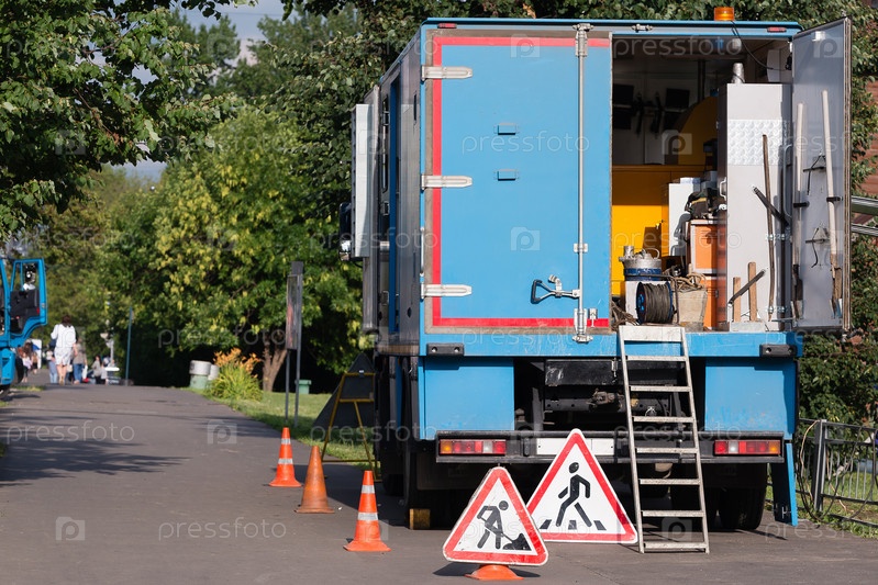 Грузовик аварийно-спасательной службы синего цвета, стоит на тротуаре с выставленными дорожными знаками и конусами, ремонтирует аварийные работы
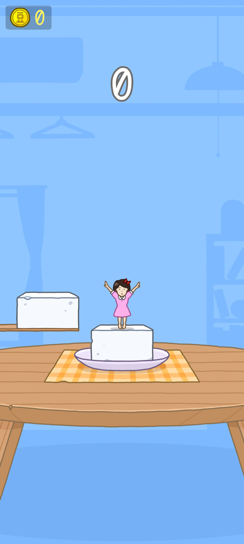 进入经典模式后,画面中央的女孩静待指令。豆腐自侧方缓缓探出,此时轻触屏幕,她便跃向目标,稳稳站定——堆叠由此开始,高度由此累积。
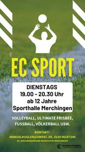 sowie ist die wöchentliche Veranstaltung EC Sport in der Sporthalle in Merchingen.
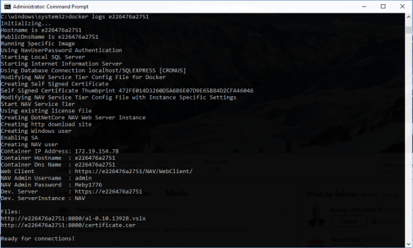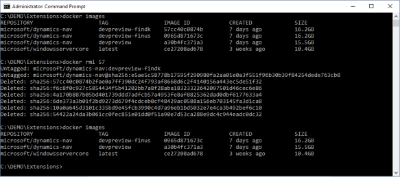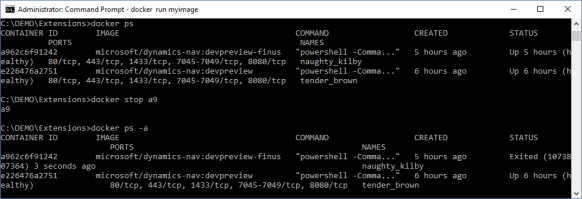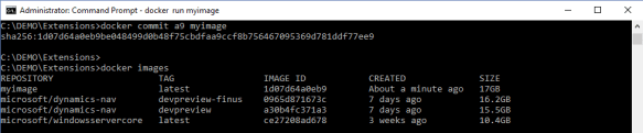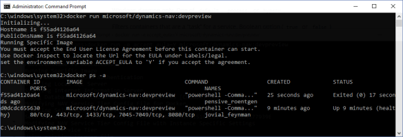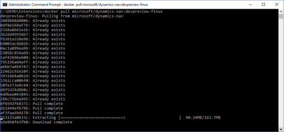 One important thing to notice is, that docker run automatically pulls the image if the image doesn’t exist. If the image already exists, the image is reused. That means that even if you remove a container and issue a new docker run microsoft/dynamics-nav:devpreview after the next update is available, it will NOT download the new version. You have to issue a docker pull specifically in order to pull a new version of an image.
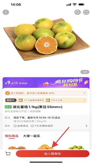 4、湖北蜜桔詳情頁(yè),1.1kg果徑55mm蜜桔售9.9元,有買(mǎi)7天低價(jià)、優(yōu)惠券包,支持品質(zhì)保證和7天無(wú)理由退貨,可加入購(gòu)物車(chē)。
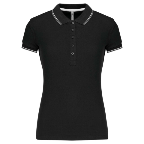 NŐI RÖVID UJJÚ PÓLÓING 100% pamut piqué5 gombos pántKontrasztos pántos nyak és oldalsó sliccelésA passzén kontrasztos csík a nyaknál és a mandzsettákonDupla tűzésű kivitel a szegélyenSTANDARD 100 by OEKO-TEX® N° CQ 1007/7, IFTH tanúsítvánnyal XSSMLXL2X
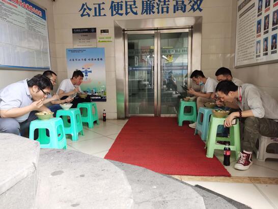 項目組在路邊吃重慶特色紅油小面(市民吃小面都是在街邊支一張小板凳配一張凳子解決)
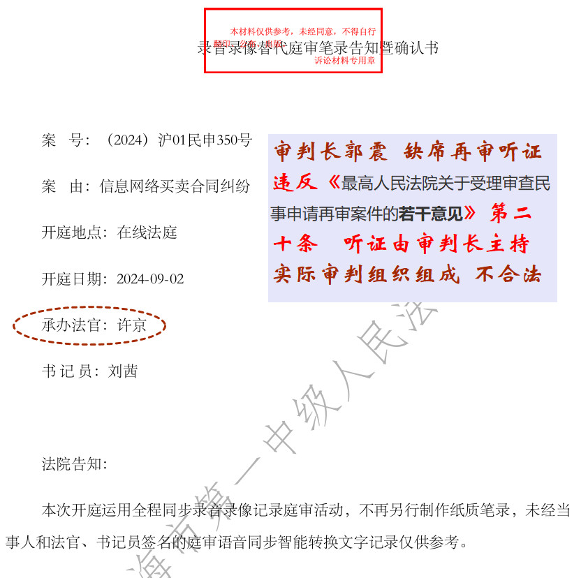 2)【违法事实】听证实际主持人许京(非审判长),并且只有一人,缺席2人(郭震、魏海虹)。审判长郭震缺席再审听证,许京没有资格主持听证。
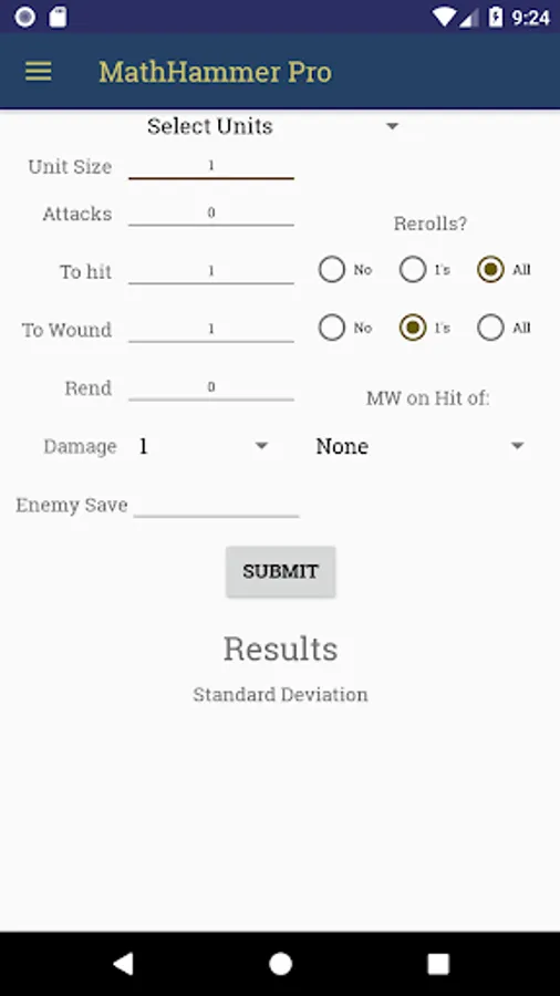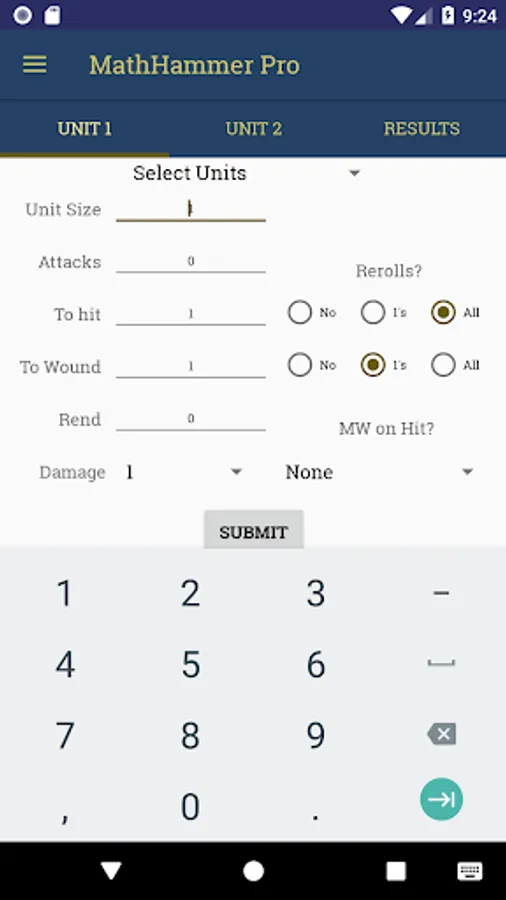 A theory crafting app for Warhammer Age of Sigmar. Enter unit stats and the app will calculate the average damage for that unit. Great for theorycrafting or for trying to decide between those two offensive units you love but can only take one of!
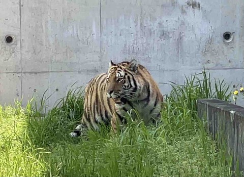 3/16に秋田市大森山動物園からやってきたアムールトラの風くんは、検疫が終わり、4/19から外に出る練習を始めました。

★ ★ ★ ★

## INSTRUCTIONS TO FOLLOW
Transcribe all the records above word for word, without their images.

## YOUR RESPONSE
 Грузовик аварийно-спасательной службы синего цвета, стоит на тротуаре с выставленными дорожными знаками и конусами, ремонтирует аварийные работы
 进入经典模式后,画面中央的女孩静待指令。豆腐自侧方缓缓探出,此时轻触屏幕,她便跃向目标,稳稳站定——堆叠由此开始,高度由此累积。
 sowie ist die wöchentliche Veranstaltung EC Sport in der Sporthalle in Merchingen.
 One important thing to notice is, that docker run automatically pulls the image if the image doesn’t exist. If the image already exists, the image is reused. That means that even if you remove a container and issue a new docker run microsoft/dynamics-nav:devpreview after the next update is available, it will NOT download the new version. You have to issue a docker pull specifically in order to pull a new version of an image.
 4、湖北蜜桔詳情頁(yè),1.1kg果徑55mm蜜桔售9.9元,有買(mǎi)7天低價(jià)、優(yōu)惠券包,支持品質(zhì)保證和7天無(wú)理由退貨,可加入購(gòu)物車(chē)。
 NŐI RÖVID UJJÚ PÓLÓING 100% pamut piqué5 gombos pántKontrasztos pántos nyak és oldalsó sliccelésA passzén kontrasztos csík a nyaknál és a mandzsettákonDupla tűzésű kivitel a szegélyenSTANDARD 100 by OEKO-TEX® N° CQ 1007/7, IFTH tanúsítvánnyal XSSMLXL2X
 項目組在路邊吃重慶特色紅油小面(市民吃小面都是在街邊支一張小板凳配一張凳子解決)
 2)【违法事实】听证实际主持人许京(非审判长),并且只有一人,缺席2人(郭震、魏海虹)。审判长郭震缺席再审听证,许京没有资格主持听证。
 A theory crafting app for Warhammer Age of Sigmar. Enter unit stats and the app will calculate the average damage for that unit. Great for theorycrafting or for trying to decide between those two offensive units you love but can only take one of!
 3/16に秋田市大森山動物園からやってきたアムールトラの風くんは、検疫が終わり、4/19から外に出る練習を始めました。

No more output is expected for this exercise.